Un corollario della crisi dell’immaginario collettivo, descritta dal Rapporto sulla comunicazione dello scorso anno, è la fine dello star system, almeno per come lo avevamo conosciuto, con riferimento ai divi come figure simboliche – per quanto in carne e ossa – in cui potersi immedesimare. In un rito collettivo ampiamente partecipato, il divismo forniva a tutti un ricco pantheon di idoli ed “eroi” sul quale incardinare un congegno proiettivo. I divi moderni avevano incarnato la potenza del mito arcaico, interpretando laicamente il bisogno di fede del tempo presente, mettendo in moto lo slancio di identificazione di individui e interi gruppi sociali verso un modello di vita vagheggiato, una esistenza migliore e desiderabile, all’inseguimento di sogni e desideri necessari per emanciparsi dai vincoli prosaici della vita comune di un popolo che, nel suo insieme, di certo non è mai tutto composto di santi, eroi, poeti e navigatori.
Oggi la moltitudine dei soggetti, novelli Prometeo dell’era digitale, ha trascinato quel pantheon giù dall’Olimpo nel disincanto del mondo. Uno vale un divo: siamo tutti divi. O nessuno, in realtà, lo è più. La metà degli italiani (il 49,5%) è convinta che oggi chiunque possa diventare famoso (e nel caso dei giovani under 30 la percentuale sale al 56,1%). Un terzo (il 30,2%) ritiene che la popolarità sui social network sia fondamentale per essere una celebrità (la pensa così il 42,4% dei giovani). Mentre un quarto (il 24,6%) sostiene che semplicemente il divismo non esiste più. E comunque appena un italiano su 10 prende a modello i divi come miti a cui ispirarsi (il 9,9%) (tabb. 9-10).
Il divismo aveva impregnato gran parte della cultura di massa del ’900, legato al medium per eccellenza di questa cultura: il cinema, codificato dai grandi studios americani e dalle majors nell’epoca d’oro di Hollywood. Un’“aristocrazia” di divi era prosperata sulla nascente cultura pop nella forma di un jet set nazionale e internazionale di personaggi venerati e inavvicinabili: star hollywoodiane, vedettes del teatro e registi osannati dalla critica, stilisti e cantanti lirici, toreador e mannequin, pugili e ciclisti, pittori e scrittori, playboy e viveur, prestigiosi capi di Stato e carismatici leader politici, muse incantevoli.

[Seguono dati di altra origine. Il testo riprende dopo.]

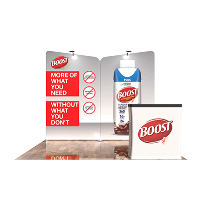 Also available is our Featherlite Medallion premium stretch fabric displays which feature modular designs and customizable add-on options. Perfect for those wanting a more upscale look to match your company's image and brand.

Gli ambienti in cui si muovevano erano scintillanti e patinati: il tempio di Cinecittà e la mecca di via Veneto, le feste chic e memorabili tra Roma, New York e Parigi, le vacanze a Capri, a Cortina e in Costa Azzurra. I fan praticavano il culto delle grandi star celebrandone la fama.
L’effetto finale della fine dello star system è la rottura di un fisiologico meccanismo sociale di tipo proiettivo, aspirazionale e imitativo, che in passato risultava utile e vitale nella società che cresceva. Se si accorcia l’arco proiettivo verso i divi, grazie ai media digitali prende forma un nuovo frame pre-politico che alla fine sviluppa il senso comune dentro il sistema pulviscolare degli account personali dei social network.
Questa è la fondamentale trasformazione che lo star system ha conosciuto passando dall’era della celluloide all’epoca della disintermediazione digitale. Non sono i personaggi famosi ad indicare, in quanto divi, orizzonti di vita alle persone comuni, che permettano a chi li imita di elevarsi a un livello sociale ed economico superiore. Sono le celebrità a trasformare in spettacolo la visione del mondo del loro pubblico. È in questa dialettica tra seduzione e tradimento che il divo finisce per scomparire.